*Problem*: Every line from the opening of the records to the line with "Hotline games 新3.0+" should be restated exactly, with both ends included and the pictures left out.

*Extracted data entries*:

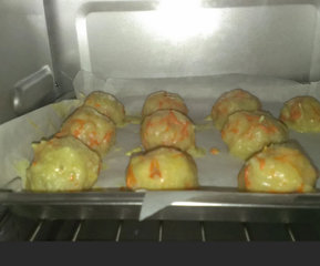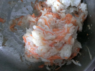 1、1.马铃薯萝卜刨丝,放电锅蒸(外锅1杯水) 2.蒸好放到温温的,加入小块奶油,抓一抓。
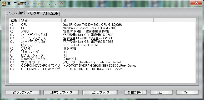 ※ 本プログラムは最低環境の確認であり、Windows版『真・三國無双7 Empires』の動作を保証するものではありません。チェック外の項目、 ご使用のパソコンの環境、常駐ソフトウェアなどの組み合わせなどにより正常に動作しない場合があります。
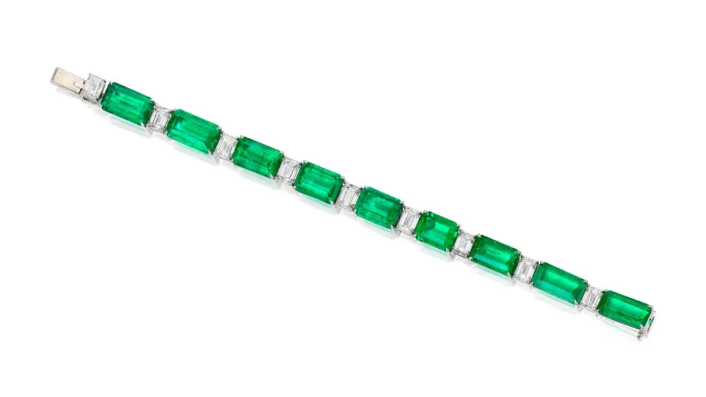 这款手链以九颗阶梯切割哥伦比亚祖母绿为主石,总重达36.69克拉,色泽浓郁,与九颗阶梯切割钻石交替排列,钻石总重9.57克拉,G至H色、VVS1至VS2净度,展现出刚柔并济的高级质感。
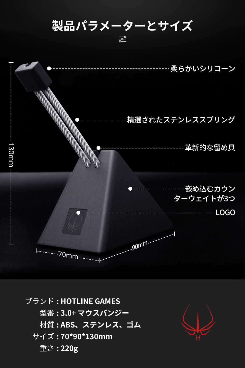 Hotline games 新3.0+ マウスバンジー ゲーミング マウスコード マネジメント バンジー システム マウスコードホルダー 太めケーブル対応【 日本正規代理店保証品 】 (新3.0+ ブラック)
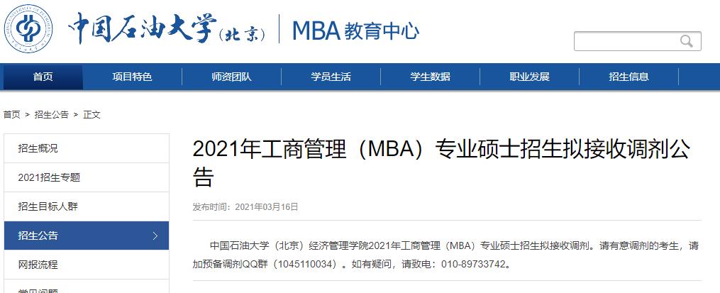 導(dǎo)讀:近期部分院校已開啟“預(yù)調(diào)劑系統(tǒng)”,下面為同學(xué)們整理出“2021MBA調(diào)劑:中國石油大學(xué)(北京)2021年工商管理(MBA)專業(yè)碩士招生擬接收調(diào)劑公告”的相關(guān)信息,趕緊一起看看,把握好時(shí)機(jī),今年升研一吧!
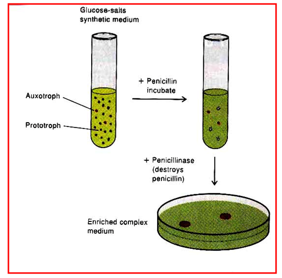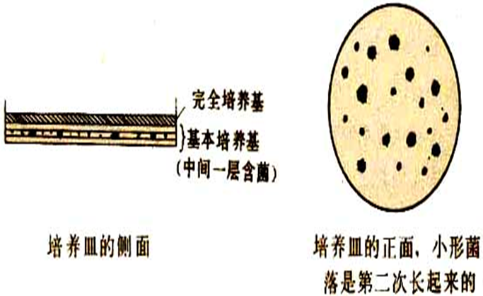 原理:青霉素、制霉菌素等抗生素作用于正常生长着的野生型微生物细胞,而对处于休止态的营养缺陷型细胞无作用。

*Solution to the problem*:
 1、1.马铃薯萝卜刨丝,放电锅蒸(外锅1杯水) 2.蒸好放到温温的,加入小块奶油,抓一抓。
 ※ 本プログラムは最低環境の確認であり、Windows版『真・三國無双7 Empires』の動作を保証するものではありません。チェック外の項目、 ご使用のパソコンの環境、常駐ソフトウェアなどの組み合わせなどにより正常に動作しない場合があります。
 这款手链以九颗阶梯切割哥伦比亚祖母绿为主石,总重达36.69克拉,色泽浓郁,与九颗阶梯切割钻石交替排列,钻石总重9.57克拉,G至H色、VVS1至VS2净度,展现出刚柔并济的高级质感。
 Hotline games 新3.0+ マウスバンジー ゲーミング マウスコード マネジメント バンジー システム マウスコードホルダー 太めケーブル対応【 日本正規代理店保証品 】 (新3.0+ ブラック)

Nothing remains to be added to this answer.